Let’s look at an example. Here are two names that refer to the same instance. One is in internal DNS and one is in external DNS:

glorfindel.us-east-1.inst.gondolin.noldor.tolkien.internal
glorfindel.us-east-1.inst.gondolin.noldor.tolkien.oxide.fingolfin.org

Here glorfindel is the DNS name of the instance. us-east-1 is the DNS name of the availability zone. gondolin is the DNS name of the VPC, noldor is the DNS name of the project, and tolkien is the DNS name of the organization. The first DNS host name is the name in internal DNS, which is why it has the .internal suffix. The second name is the one in external DNS and oxide.fingolfin.org is the suffix. The DNS suffix is specific to an installation.

In all of the above objects, we explicitly said it was the DNS name. The DNS name is a separate name for each object that defaults to the object’s name. DNS has some additional constraints in terms of naming that aren’t always there for the main name attributes. In addition, it’s important that renaming something that users see and interact with on a regular basis doesn’t impact the names that machines are using unless intended.

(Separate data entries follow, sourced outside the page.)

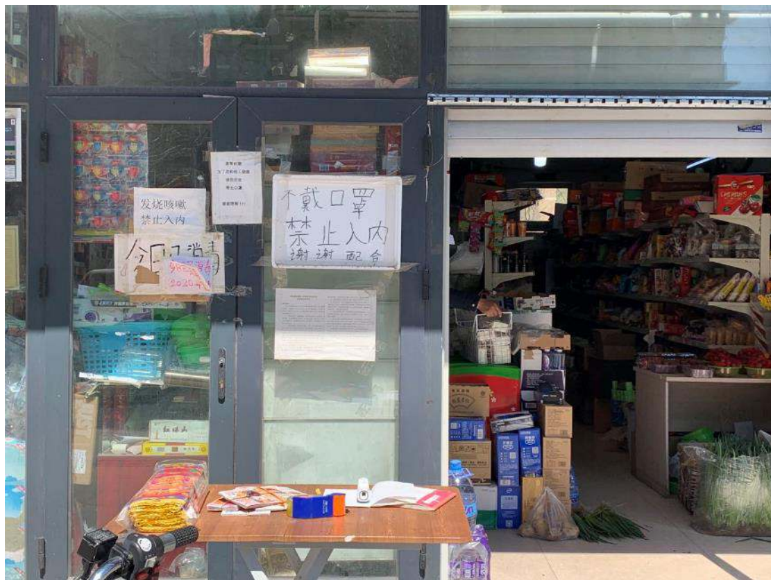
Figure 8 Entrance of a grocery store

Show the photo Entrance of a grocery store and Entrance of a supermarket
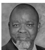
Hon. Gwede Mantashe Minister of Mineral Resources South Africa
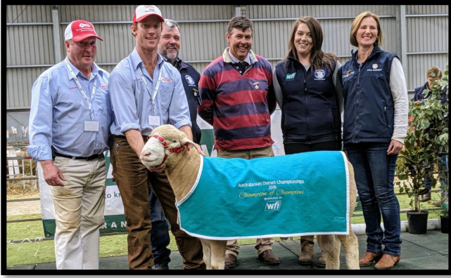
2019 WFI Champion of Champions Ram - Tattykeel

When two VPCs have been peered together, subnets that are shared will show up in DNS with the corresponding names that match that project.

DNS for Floating IPs

Floating IPs are automatically registered in both Internal and External DNS, similar to the instances. However, the same (external) address is always advertised. A DNS A record is created for IPv4 Floating IP addresses and a DNS AAAA record is created for IPv6 Floating IP addresses. Multiple Floating IPs can have the same DNS name. This allows you to create a single hostname with multiple IPv4 and IPv6 records. This can be used to create round-robin DNS or to have both IPv4 and IPv6 support for the same name.

Floating IPs use a similar, but slightly different scheme from instances:

.fip....
  • <name> refers to the DNS name of the Floating IP

  • <vpc> refers to the DNS name of the VPC

  • <project> refers to the DNS name of the project

  • <org> refers to the DNS name of the organization

  • <suffix> refers to the DNS suffix that is used. For internal DNS this is always .internal. For external DNS, this varies based on the installation.

The main difference is that there instead of the <instance>.<az>.inst prefix you have <name>.fip.

More concretely, let’s say we had the name blog.fip.gondolin.noldor.tolkien.oxide.fingolfin.org. Like in the previous example, here blog is the DNS name of the floating IP. There may be more than one floating IP with the same DNS name, allowing for more than one record to be associated with the name (for example both an IPv4 and IPv6 address). gondolin is the DNS name of the VPC, noldor is the DNS name of the project, and tolkien is the DNS name of the organization. Unlike with instances, there is only ever an external suffix, there is no internal one. Therefore oxide.fingolfin.org is the installation-specific suffix.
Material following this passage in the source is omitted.